孙艾极目远望,层层高墙遮挡,她看不到那边的模样,眼中却闪过一丝悲悯,并未多言。只回头望了一眼崇文殿,抬步向殿内走去。

朱福还要再行阻拦,却被沈樽抬手示意无妨。

推开双扇门,阳光在青砖上投射出窗棂的光影,明间中央设一套紫檀桌椅,案上则摆放着鎏金香炉与文房四宝。上方高悬“勤学修德”的匾额。屋顶藻井里绘制的二十八宿与银河,星辰在光影中微闪,图案精美绝伦。

东次间靠墙处,一排排樟木书架高耸而立,朱漆髹面,饰以缠枝莲纹。九层书架上,经史子集按类整齐排列。

孙艾目光掠过孔颖达《五经正义》的写本,又落在《史记》《汉书》的皂色函套上。不少珍贵的手抄本上,还在卷首钤着"东宫书府"的朱印。

书架旁设一楠木屏风,上面以螺钿镶嵌出“孔子讲学图”,人物栩栩如生,仿佛能听见琅琅书声。

西次间则是休憩之所。一张雕花罗汉床铺着蜀锦软垫,床前乌木茶几上摆着青瓷茶具。窗边紫檀书桌上,有几样文玩把件。青铜鹤形灯静立一旁。墙壁上挂着几幅名人字画。

正巧詹事孙泽文送来几份公文,沈樽落座细看,孙艾则自己在东次间徘徊。她从未见过如此多的藏书,每一本都想一睹为快。当指尖抚过《史记》皂色函套上的四神纹时,织锦的触感,让她激动的连呼吸都变得小心翼翼。踮脚取下一卷,发间步摇随着动作轻晃。

她站在书架前,迫不及待地翻开,阳光透过棂窗,在书页上投下光斑。

书卷在手,任檐角日光悠悠游走。不知过了多久,一阵风过,廊下竹影婆娑,沙沙声将她惊动。

孙艾恍然抬头,才发现日头已经西沉。转头望向明间,沈樽正悬腕执笔在绢纸上描画着什么。似乎是感受到了她的目光,抬眼时,正撞见她眼底流转的好奇。柔和的残阳照在她的身上,更增添了一层欲说还休的温柔。

沈樽放下笔,向她伸出手。孙艾会意,合上书放回原位,快步上前。

“在画什……”话音戛然而止,她望着案头铺开的素绢,呼吸都滞住了。画中女子站在书架前,眉眼低垂,神情专注,手中书卷半卷,发上饰物都与她分毫不差。

她悬在画纸上方的指尖迟迟不敢落下,仿佛一触碰便会惊扰了画中的人。目光顺着流畅的线条游走,从眉梢到眼角,每一笔都似带着鲜活灵动。

“怎么画得这么好?”她声音中带着倾慕,“便是顾恺之复生,怕也要叹一声自愧不如了。”

沈樽被夸得耳尖已泛起薄红,指腹无意识摩挲着绢纸边缘,喉结轻动:“你的神韵,原不是笔墨能尽数描摹的。”说话间,凝在她脸上的目光,始终灼灼。

孙艾听着,眼中满是崇拜地看向他,却惊得他匆忙收了视线,低头重又执笔。

孙艾的注意力,及时被他手上的动作带回画绢上,未曾留意到他早已红透的两颊。
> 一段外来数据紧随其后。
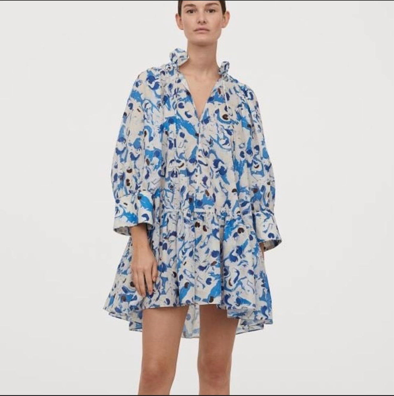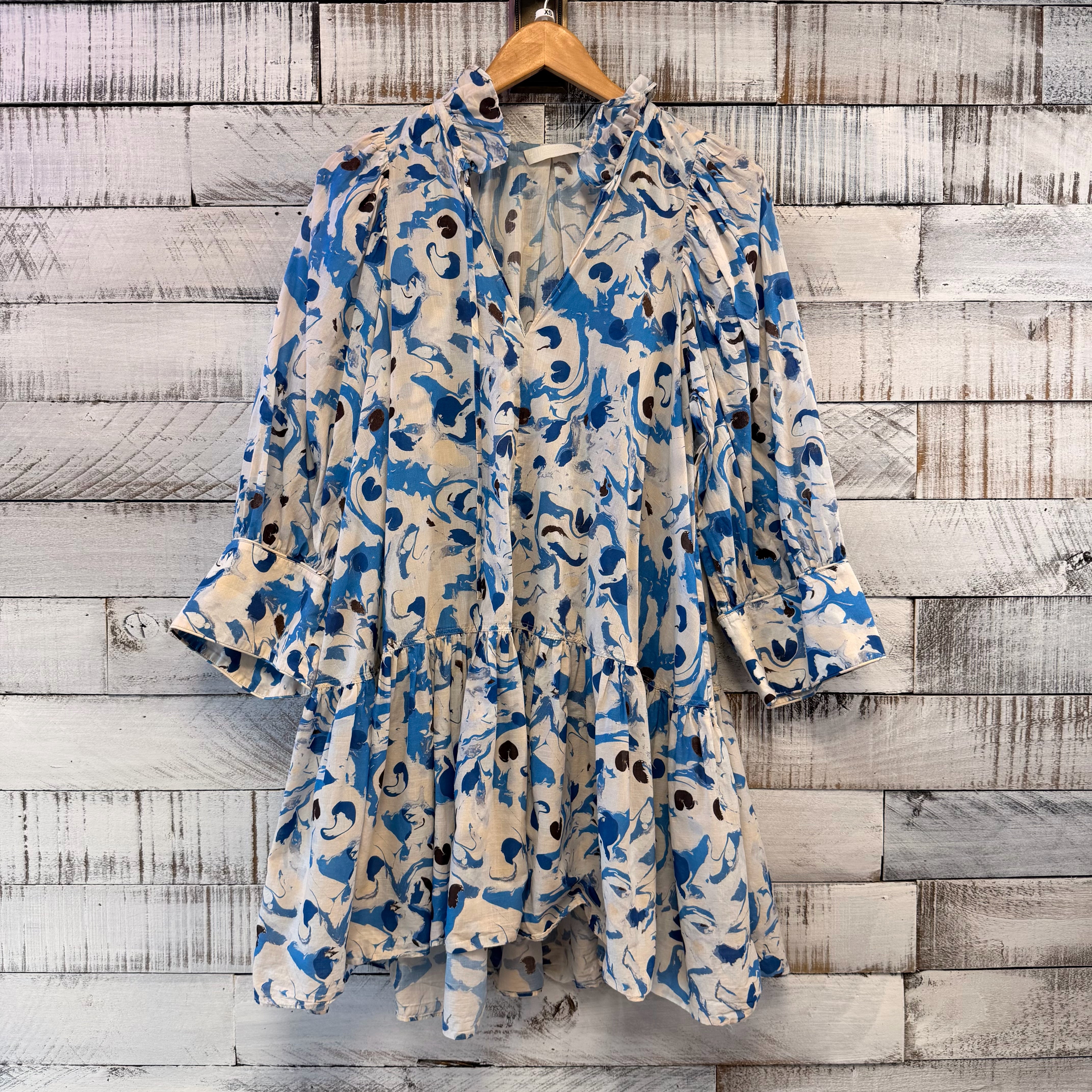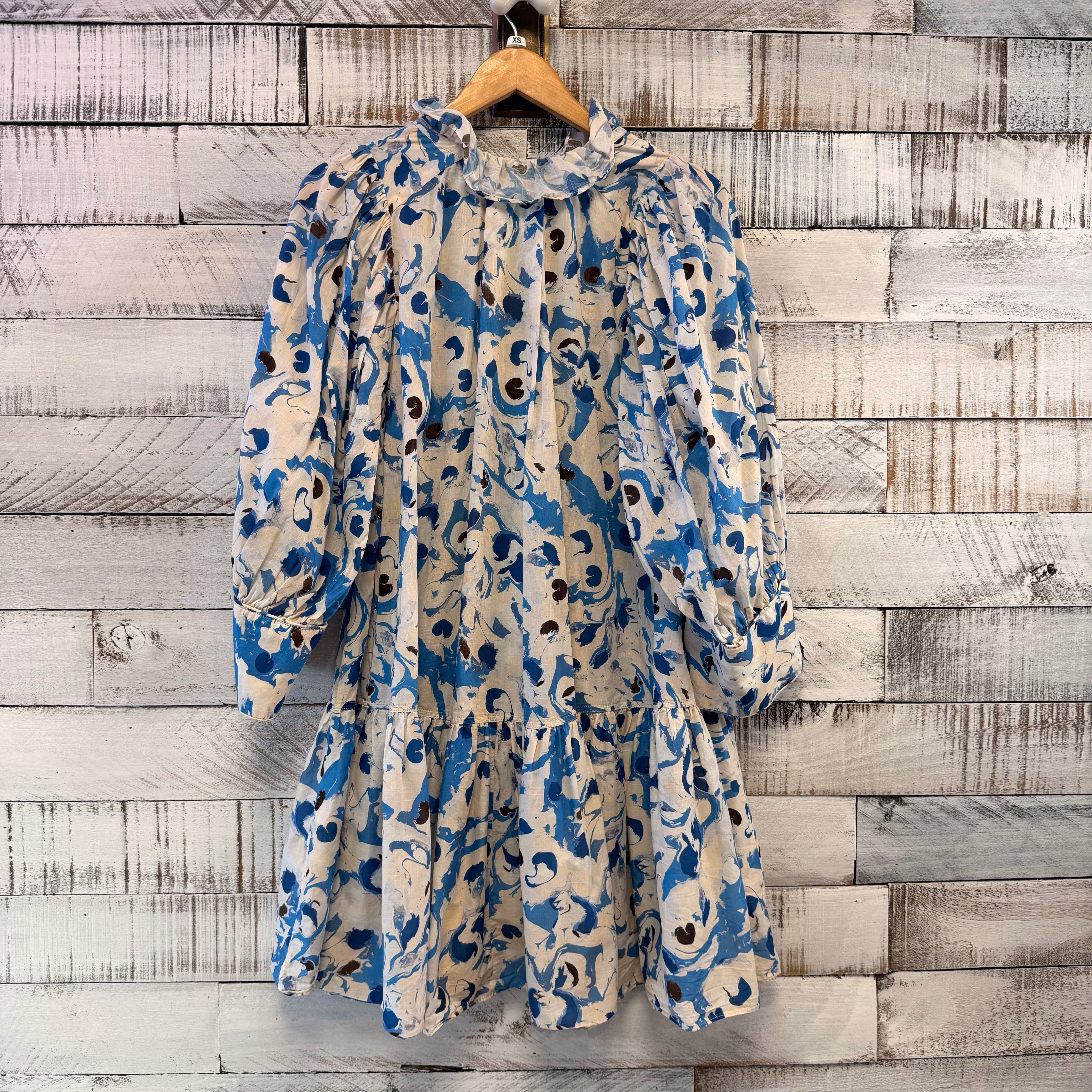 ruffle collar watercolor blue print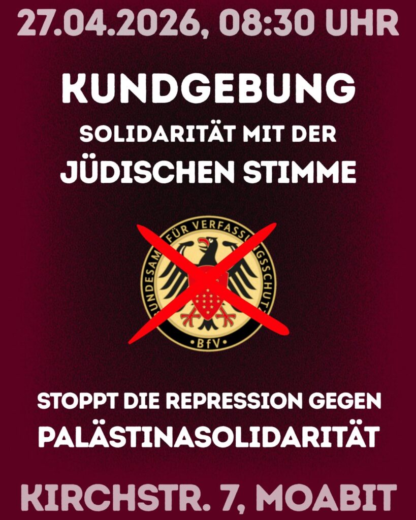 Kategorie: General Kundgebung - Solidarität mit der Jüdischen Stimme - Stoppt die Repression gegen Palästinasolidarität 8:30 27. April 2026 BerlinVeranstaltungsort anschauen Kompletten Kalender ansehen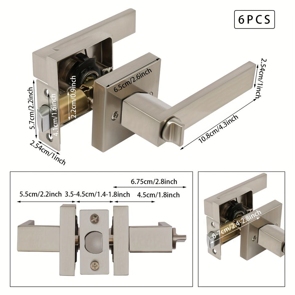 Lot de 6 poignées de porte intérieures en alliage de zinc robustes avec fonction de déverrouillage d'urgence pour chambre et salle de bain, norme américaine

只见他在画旁写下:书中虽有千般趣,不及卿卿一笑春。

“登徒子!”孙艾佯嗔薄怒,抬手便要去抢那管笔将题字涂抹,沈樽却仗着自己身高臂长,将毛笔伸得远远的。

孙艾贴近尝试够了几次,却始终触碰不到,反而逼近的距离让沈樽笑得越发肆意,无奈之下,她将画绢卷起,塞到他怀里。“无赖,这画你收好,若是让旁人见了,我可真恼了。”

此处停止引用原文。